At operation 1402, the method 1400 includes accessing, by the computer system, the video of the user in real-time. The video of the user is recorded for a first interval of time.


At operation 1404, the method 1400 includes performing, by the computer system, the first test on the accessed video for detecting the facial drooping factor and the speech slur factor of the user in real-time. The facial drooping factor is detected with facilitation of the one or more techniques. The speech slur factor is detected with execution of the machine learning algorithms.


At operation 1406, the method 1400 includes performing, by the computer system, the second test on the user for the second interval of time. The second test is the vibration test performed for detecting the numbness factor in hands of the user.


At operation 1408, the method 1400 includes processing, by the computer system, the facial drooping factor, the speech slur factor, and the numbness factor for detecting symptoms of stroke in the user in real-time.


At operation 1410, the method 1400 includes sending, by the computer system, notification to at least one emergency contact of the user in real-time for providing medical assistance to the user. The notification is sent upon detection of symptoms of stroke in the user.

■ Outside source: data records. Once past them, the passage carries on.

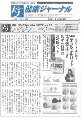 発明学会 事務局松野 『健康ジャーナル』に連載開始! 第2回目は、池田安江さんの乳がん経験者用パット『エンジェルパッド』 美容、健康、ヘルスケア業界の一流誌『健康ジャーナル』にて連載を開始! こういう業界紙に掲載されると、「客観性」がある第三者が認めた評価なので、発明家の評価も、商品の価値や評価も上がるんです。 美容、健康、ヘルスケア関連の商品をお持ちの方! 松野が全部原稿を書くので、誌面に載るせっかくのチャンスを、活かしてくださいね! 販売中の方はもちろん、試作品ができていて、売込中の方も、発明学会の会員番号(KO~)を明記の上、事務局松野(life@hatsumei.or.jp「件名:健康ジャーナルの件」)まで、商品詳細をご連絡下さい! 発明学会ネットショップにも出品して、宣伝と販売の相乗効果を狙って、ガンガン行こう! |
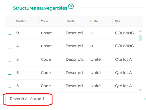 Attention, si lors du retour à l'étape 1, vous sélectionnez un onglet dont la structure est différente de votre modèle (décalage des colonnes, changement des noms d'en-tête …), le modèle précédent sera écrasé et vous devrez importer cet onglet comme si c'était le premier. Nous vous invitons à importer tous vos onglets identiques d'abord, puis ceux au format différent par la suite.
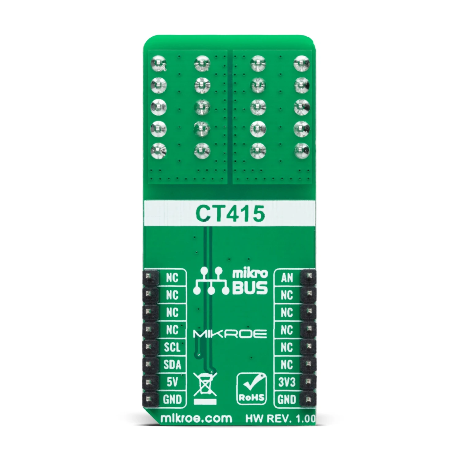 The output signal of the CT415-HSN830DR can be converted to a digital value using MCP3221, a successive approximation A/D converter with a 12-bit resolution from Microchip using a 2-wire I2C compatible interface, or can be sent directly to an analog pin of the mikroBUS™ socket labeled as AN. Selection can be performed by onboard SMD jumper labeled as ADC SEL, placing it to an appropriate position marked as EXT and INT.

FIG. 15 is a simplified block diagram of an electronic device 1500 capable of implementing various embodiments of the present disclosure. For example, the electronic device 1500 may correspond to the user device 104 of the user 102 of FIG. 1. The electronic device 1500 is depicted to include one or more applications 1506. For example, the one or more applications 1506 may include the stroke detection application 106 of FIG. 1. The stroke detection application 106 can be an instance of the application that is hosted and managed by the server system 200. One of the one or more applications 1506 on the electronic device 1500 is capable of communicating with a server system for performing stroke detection in real-time as explained above.


It should be understood that the electronic device 1500 as illustrated and hereinafter described is merely illustrative of one type of device and should not be taken to limit the scope of the embodiments. As such, it should be appreciated that at least some of the components described below in connection with the electronic device 1500 may be optional and thus in an embodiment may include more, less, or different components than those described in connection with the embodiment of the FIG. 15. As such, among other examples, the electronic device 1500 could be any of a mobile electronic device, for example, cellular phones, tablet computers, laptops, mobile computers, personal digital assistants (PDAs), mobile televisions, mobile digital assistants, or any combination of the aforementioned, and other types of communication or multimedia devices.


The illustrated electronic device 1500 includes a controller or a processor 1502 (e.g., a signal processor, microprocessor, ASIC, or other control and processing logic circuitry) for performing such tasks as signal coding, data processing, image processing, input/output processing, power control, and/or other functions. An operating system 1504 controls the allocation and usage of the components of the electronic device 1500 and supports for one or more operations of the application (see, the applications 1506), such as the stroke detection application 106 that implements one or more of the innovative features described herein. In addition, the applications 1506 may include common mobile computing applications (e.g., email applications, calendars, contact managers, web browsers, messaging applications) or any other computing application.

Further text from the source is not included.